Hey folks! I’ve been pondering about this for some days, and i was wondering about this:
When building the information marts, as Kimball-style marts (dimensions and fact tables) - Do you use the hash keys as your keys to join between tables, or do you use business keys? And why?
I’ve created a lot of tables in the information marts already using hash keys, and I recently read some guidance from Patrick to not expose them to users, so i was wondering what is the alternative, just using business keys?
Thanks a lot in advance to anyone who can help with this!

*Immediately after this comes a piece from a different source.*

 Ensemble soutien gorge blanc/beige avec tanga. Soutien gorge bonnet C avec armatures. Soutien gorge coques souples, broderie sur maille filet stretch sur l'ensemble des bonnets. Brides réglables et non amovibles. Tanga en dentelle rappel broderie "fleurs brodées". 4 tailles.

@sicarul If you have a DV2 raw vault model, you may compute a hash key to use in the join. You do not expose hash keys to users - Patrick is correct. We never expose hash keys to consumers or end users. The recommended best practice is to use a PIT, a Bridge, or a PIT/Bridge Hybrid to hold the processing results that are then exposed to the users through virtual (views) facts and dimensions. Your view will expose the underlying business keys from the PIT or Bridge or PIT/Bridge Hybrid along with whatever descriptive data may be required (think dimension) or whatever descriptive data makes sense to the user of the Fact view. If you are building virtual facts and dimensions, you can also use a sequence key that can be exposed to the end user since that is what they are most familiar with in a star schema.

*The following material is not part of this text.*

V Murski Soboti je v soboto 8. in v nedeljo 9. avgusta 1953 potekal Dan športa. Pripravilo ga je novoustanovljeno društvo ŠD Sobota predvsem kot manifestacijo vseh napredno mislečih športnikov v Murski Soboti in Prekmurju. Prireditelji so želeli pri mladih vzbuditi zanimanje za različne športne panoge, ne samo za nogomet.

@sicarul Dimensional modeling generally all would encourage to put SK’s, however we designed to go with the business keys first time in Dims and Facts. But we are in development state currently.
Think of hashkeys as tools that make sense depending on the scenario/technology being used.

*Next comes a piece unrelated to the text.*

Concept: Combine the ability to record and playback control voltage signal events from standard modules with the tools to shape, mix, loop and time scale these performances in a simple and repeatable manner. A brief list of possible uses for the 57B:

You could be building a DV without any hash-keys at all! In the Info-Marts why would you need hash keys there if it has no purpose to the business? Hash keys are surrogate keys, like INT keys in dimensional modelling they serve a specific purpose.
I did a webinar discussing hash-keys, natural keys and int key joins using PITs, SNOPITs and the like on Snowflake you can find here.
But in hindsight, you are not really intending to expose the hash keys (pk) with users right? you will just use it for joining as well?
I have the same question recently and seems like it’s okay to use the hash keys in dimensions and facts. In a way, it acts as the surrogate keys as well.
We can hide the keys on the reporting layer.
But I am new in DV and this is just my recent realization upon tinkering on this topic for a while now…